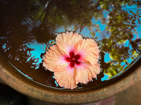 Brightly colored flowers with rich pink, orange, and yellow petals floating on a clear blue pool, their reflection mirrored perfectly on the waters surface, creating a peaceful, dreamlike atmosphere.
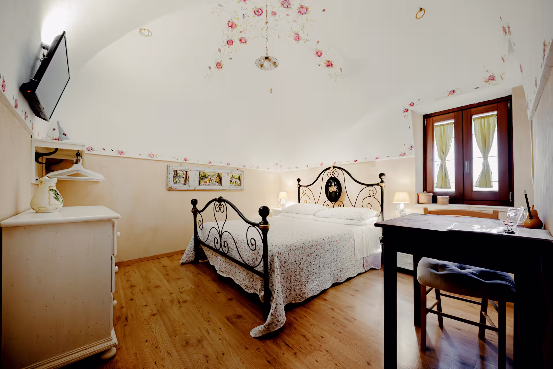 Le camere, disposte su due livelli, hanno la caratteristica di essere estremamente curate nei dettagli e tutte differenti tra loro, pur mantenendo un’omogeneità di stile e arredamento.
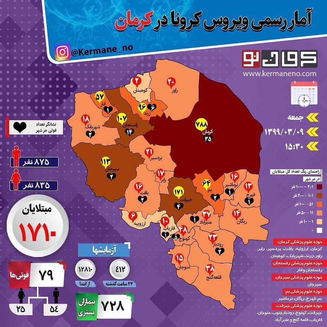 آمار رسمی کرونا در جنوب کرمان و 9/2/99
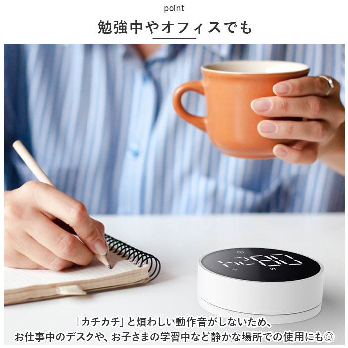・キッチンでのお料理中はもちろん、オフィスではプレゼンテーションやスピーチの時間計測など、様々な場面で大活躍。お子さまのゲーム時間の管理にもオススメ。

## WORK ORDER
Restate word for word the lines starting at the one that contains "آمار رسمی کرونا در جنوب کرمان و 9/2/99" and ending at the last line of the data. Skip every picture.

## SOLUTION FOR THIS EXERCISE
 آمار رسمی کرونا در جنوب کرمان و 9/2/99
・キッチンでのお料理中はもちろん、オフィスではプレゼンテーションやスピーチの時間計測など、様々な場面で大活躍。お子さまのゲーム時間の管理にもオススメ。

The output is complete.